Como conceitos ampliados daquilo que é possível reconhecer como limite formal e limite material na produção jurídica, e conduzido por uma ideia de coerência no ordenamento jurídico, Bobbio faz referência ainda a dois sistemas básicos que é o sistema dinâmico e o

sistema estático, cada um deles com implicação funcional e própria nesta missão sistêmica de elaboração normativa. Com estes modelos de sistema ele reafirma o papel reservado ao sistema jurídico - e só a ele - em protagonizar a produção do Direito e no Direito, e com isto conseguir uma noção sistêmica suficiente no mundo jurídico. Há com esta admissão uma ultimação quanto aos sintomas que possam ser identificados no sistema jurídico, envolvendo a autonomia do Direito na condução da produção jurídica e sob uma ação própria. Para isto, e no entendimento do jusfilósofo, o sistema dinâmico é apresentado como aquele que faz com que as normas derivem umas das outras por delegação de poder, como uma espécie de autoridade juridicamente reconhecida. Há, pois, uma ligação formal entre normas, e onde se repassa autoridade normativa de uma escala superior para uma escala inferior. Com isto o sistema se caracteriza como uma racionalização e continuidade sucessiva em cadeia acerca das competências. Nisto o sistema dinâmico como apregoado por Bobbio apresenta certa similaridade com a norma secundária de Herbert Hart (1907 - 1992), que confere no sistema poderes para se criar, modificar ou mesmo ab-rogar obrigações estabelecidas pela norma primária, fazendo-o na estrutura do sistema mediante a regra de reconhecimento, a regra de câmbio e a regra de adjudicação159. Por sua vez o sistema estático como entendido por Bobbio vai identificar uma relação entre normas onde umas são deduzidas de outras levando- se em conta os seus conteúdos160. Se no primeiro caso - sistema dinâmico - nós temos uma relação formal entre normas, no segundo caso - sistema estático - nós temos uma relação material.
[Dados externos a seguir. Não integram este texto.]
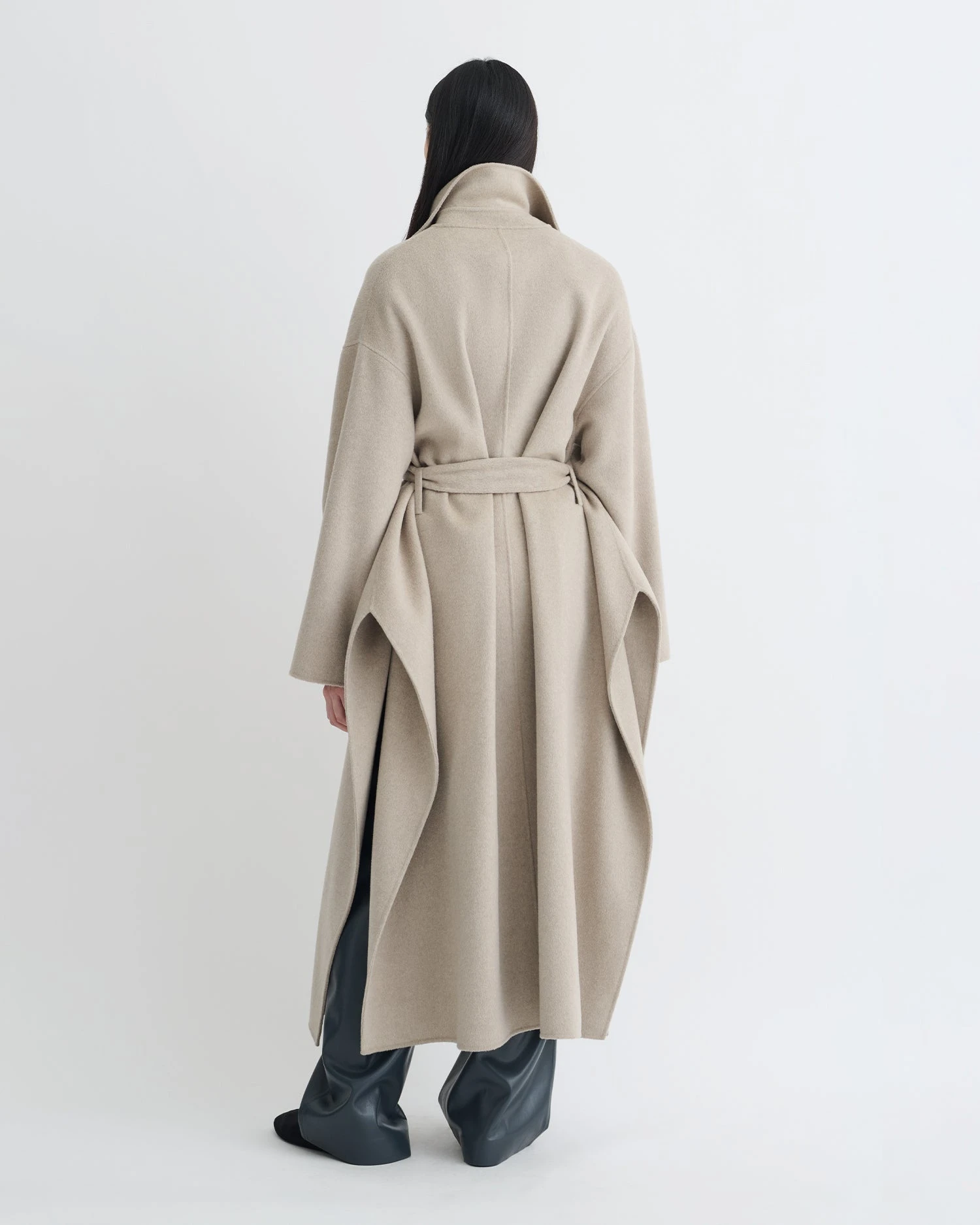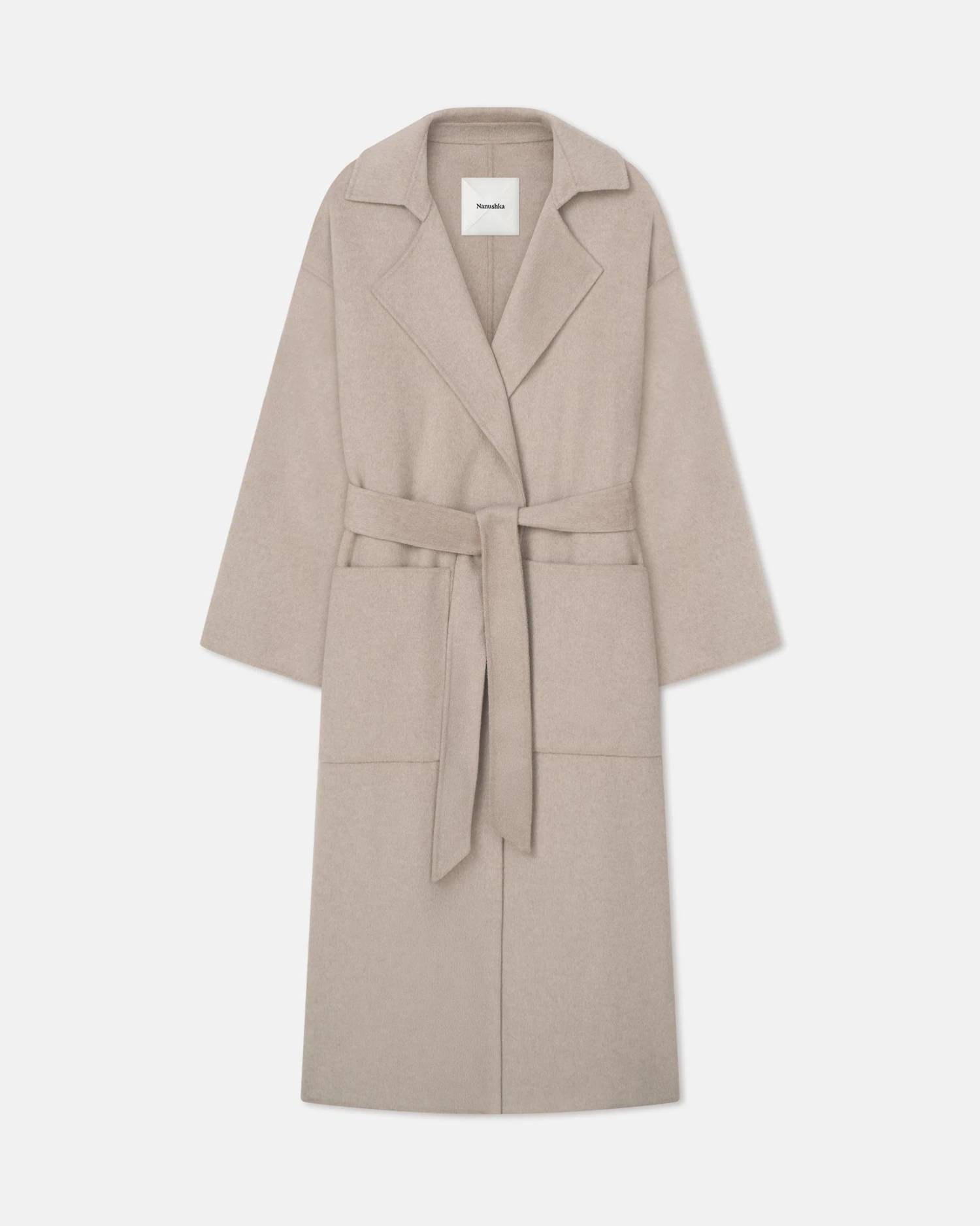 The Salima coat is crafted from the softest double wool to fluidly drape over your frame with a self-tie belt and scarf-inspired hem. In a stone hue, it will endure season after season.

159 HART, Herbert. El Concepto de Derecho. 2. ed. Trad. de Genaro R. Carrio. Mexico: Editora Nacional,

1980, p. 121.

As duas formas sistêmicas acima descritas - sistema dinâmico e sistema estático - enfeixam o sistema num sistema geral, suficiente e devidamente equacionado para o enfrentamento das questões jurídicas numa dimensão de positivismo jurídico. Daí porque Bobbio trata ainda, como sequência a esta forma de organização, uma tratativa envolvendo também aspectos pontuais como a ocorrência das antinomias normativas - sempre que se verificar normas contraditórias e incompatíveis, com suas respectivas formas de solução utilizando-se critérios como o cronológico, o hierárquico e o da especialidade -, a completude do sistema - o ordenamento é completo podendo-se encontrar nele qualquer norma para a solução dos casos -, as lacunas - que se resolvem pelo método da auto-integração com a utilização da analogia e dos princípios gerais de Direito, estes últimos reconhecidos por Bobbio como “normas fundamentais e generalíssimas do sistema”-, até culminar ainda mais com as relações entre os vários tipos de ordenamento jurídicos (pluralidade dos sistemas). O que se verifica como uma sintomatologia ampla e plena, mesmo nos embates envolvendo estes aspectos pontuais, é o que se percebe como uma implícita forma de reconhecimento na qual o sistema jurídico no seu todo haverá de se apresentar de forma diferente dos demais modelos sistêmicos em geral, e afirmando-se sempre na condição de uma autonomia satisfatória em resolver não só os problemas jurídicos que comparecem para ser revolvidos - sem se recorrer a uma seara alienígena -, mas também com uma proficiência no campo da autocriação (autoprodução) jurídica. Nada se resolve, portanto, fora de uma dimensão do sistema jurídico, e este é sempre reconhecido e caracterizado com vistas àquilo que é devidamente organizado em sede do Direito Positivo. Assim, tanto o sistema jurídico como o Direito Positivo constituem ambos dois entes que combinados resulta na seara de um referencial para as providências necessárias envolvendo por um lado a produção normativa (jurídica), e também por outro a execução normativa (jurídica).